Generates the parameter list (varySettings) for segmentCluster.batch, using defaults for all parameters not passed.

Usage

setVarySettings(E = c(1, 3), S = "ccor", M = 100, Mn = 100,
  a = -2, nui = c(1, 3), nextmax = TRUE, multi = "max",
  multib = "max")

Arguments

Value

Returns a parameter settings structure that can be used in the batch function segmentCluster.batch.

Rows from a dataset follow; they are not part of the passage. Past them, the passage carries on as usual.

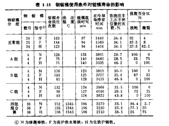 影響 鋼錠模 使用壽命的因素國內外許多工廠對 鋼錠模 使用條件的研究指出:澆注方法、澆注溫度、澆注速度、脫模時間、冷卻方式及鋼錠模周轉都對鋼錠模壽命有直接的影響,其中尤以脫模時間及冷卻方式影響 較 大。法國盧森堡阿爾貝德公司埃一舍夫朗日廠與比利時冶金研究中心共同合作研究鋼錠模使用條件對其壽命的影響,試驗把 108 個鋼錠模分為 4 組,每周澆注 6 次列為正常組,其他每周澆注 3 次的分為 A 、 B 、 C 三組,其試驗結果列于表 1 一 15 中。
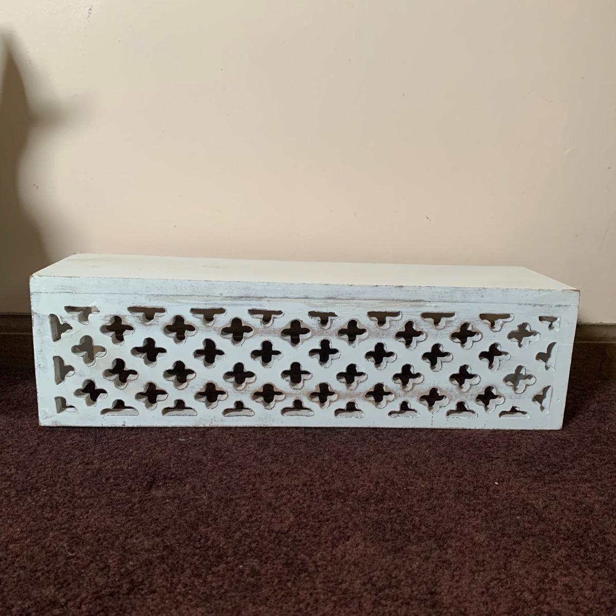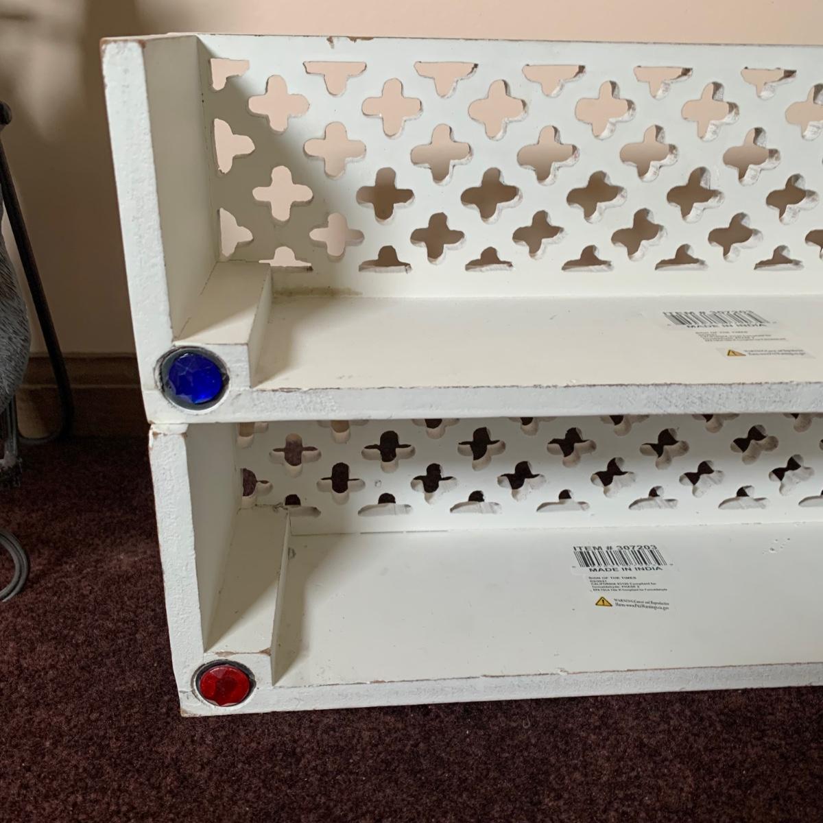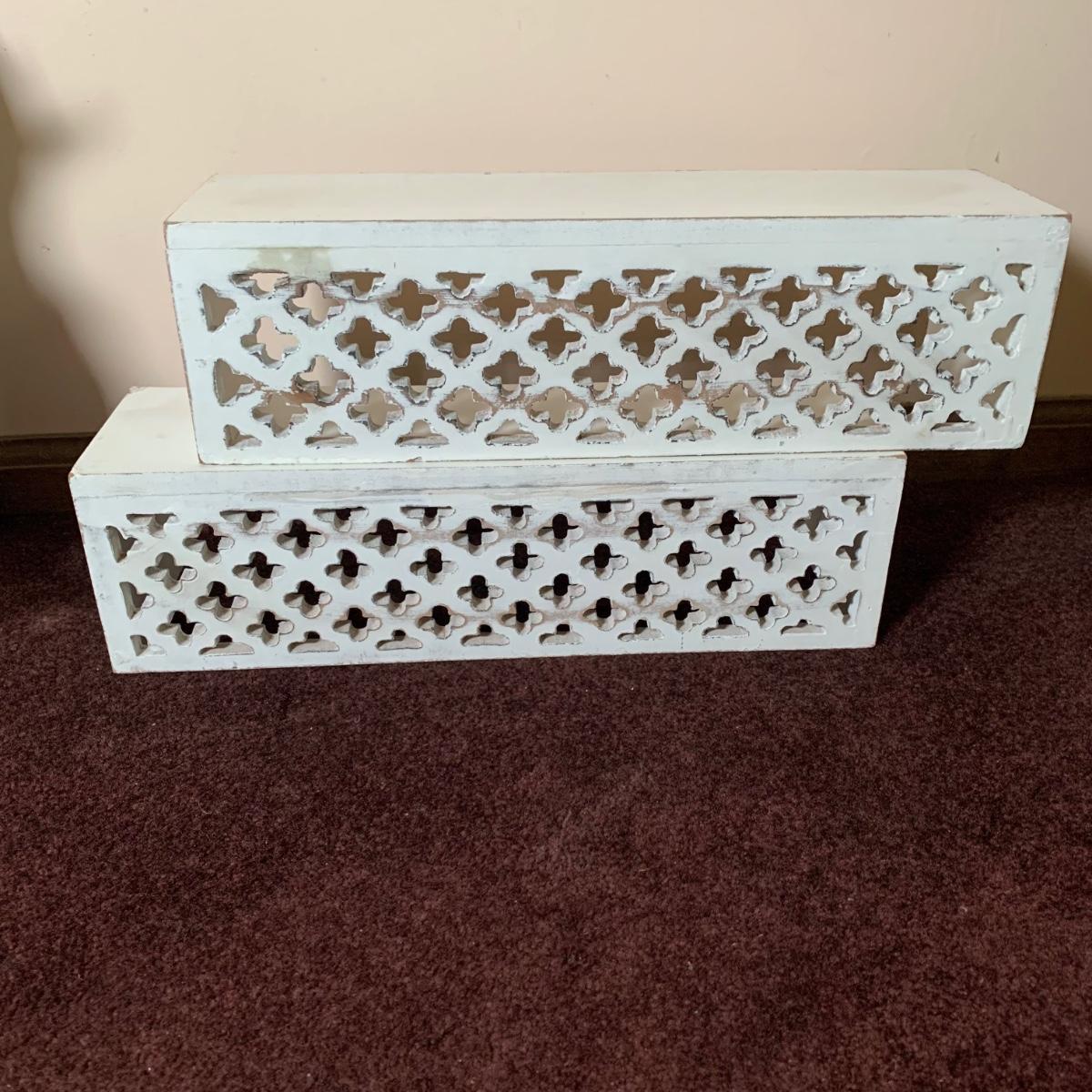 LOT 162: Home Decor: Resin Jackalope, Farmhouse Corbels, White Farmhouse Shelves, Metal Book Stand
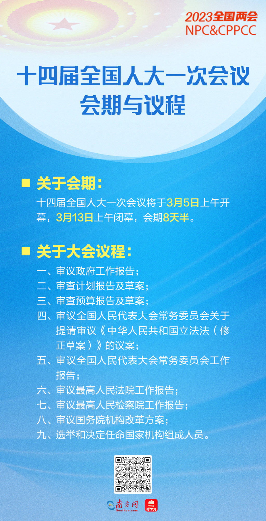 十四屆全國人大一次會議將于3月5日上午開幕,3月13日上午閉幕,會期8天半。
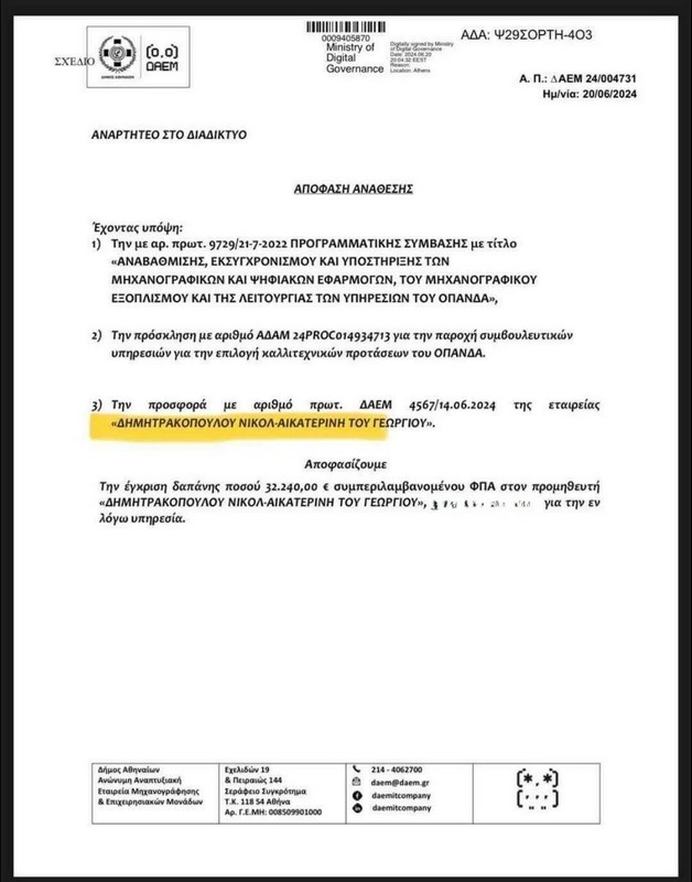 Για την αναβάθμιση του Οργανισμού Πολιτισμού, Αθλητισμού και Νεολαίας του δήμου Αθηναίων (ΟΠΑΝΔΑ), η παροχή συμβουλευτικών υπηρεσιών για την επιλογή καλλιτεχνικών προτάσεων ανατέθηκε απευθείας στη Νικόλ – Αικατερίνη Δημητρακοπούλου, ύψους 32.240 ευρώ.
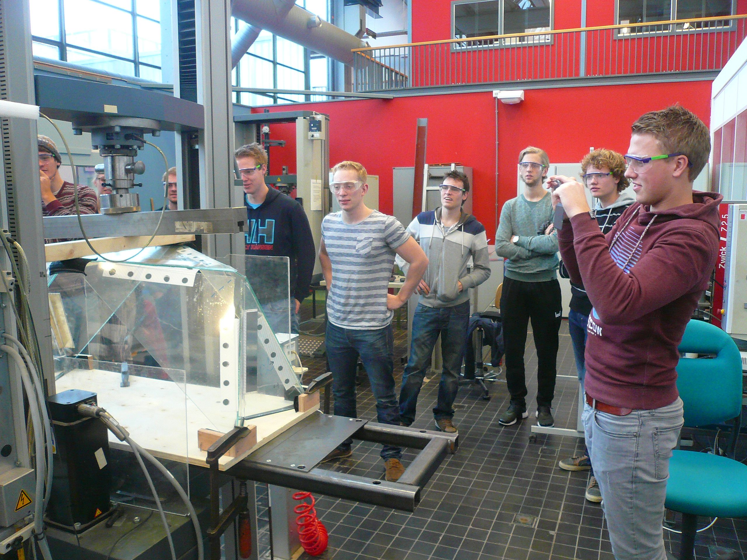 Students get to make constructions with steel, concrete, wood or glass. Lectures on analytical and numerical models should help students to predict the behaviour of their construction. All built constructions will be tested, often catastrophically so.
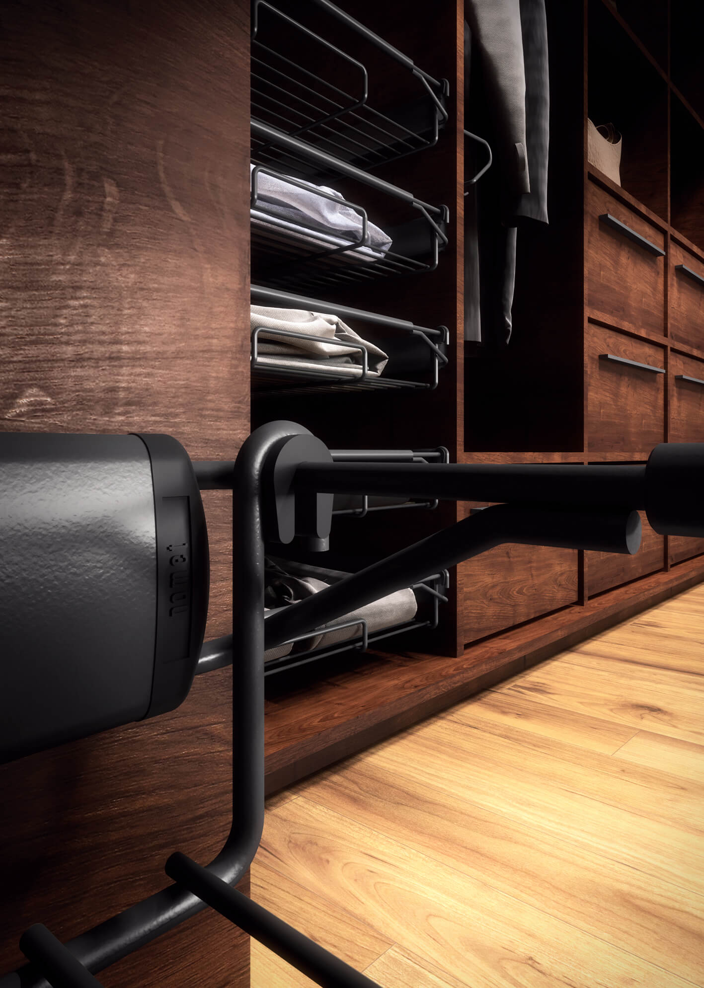 Toruńska firma Nomet w ostatnich latach intensywnie rozwija produkty stanowiące wyposażenie szaf do garderób. Niemal co roku w tej grupie pojawiają się nowe rozwiązania techniczne i funkcjonalne, a sprawdzone wyroby, obecne już na rynku, są rozwijane i udoskonalane.

Sort clusters by similarity.

Description

Takes a "clustering" object as returned by clusterTimeseries and uses the cluster-cluster similarity matrix, item Ccc, to sort clusters by their similarity, starting with the cluster labeled ‘1’; the next cluster is the first cluster (lowest cluster label) with the highest similarity to cluster ‘1’, and proceeding from there. The final sorting is added as item "sorting" to the cset object and returned. This sorting is subsequently used to select cluster colors and in the plot method. This simply allows for more informative plots of the clustering underlying a segmentation but has no consequence on segmentation itself.

Usage

sortClusters(cset, sort = TRUE, verb = 0)

Arguments

Value

Returns the input "clustering" object with a list of vectors (named "sorting"), each providing a similarity-based sorting of cluster labels.

Transcriptome time-series from budding yeast.

Description

Transcriptome time-series data from a region encompassing four genes and a regulatory upstream non-coding RNA in budding yeast. The data set is described in more detail in the publication Machne, Murray & Stadler (2017) <doi:10.1038/s41598-017-12401-8>.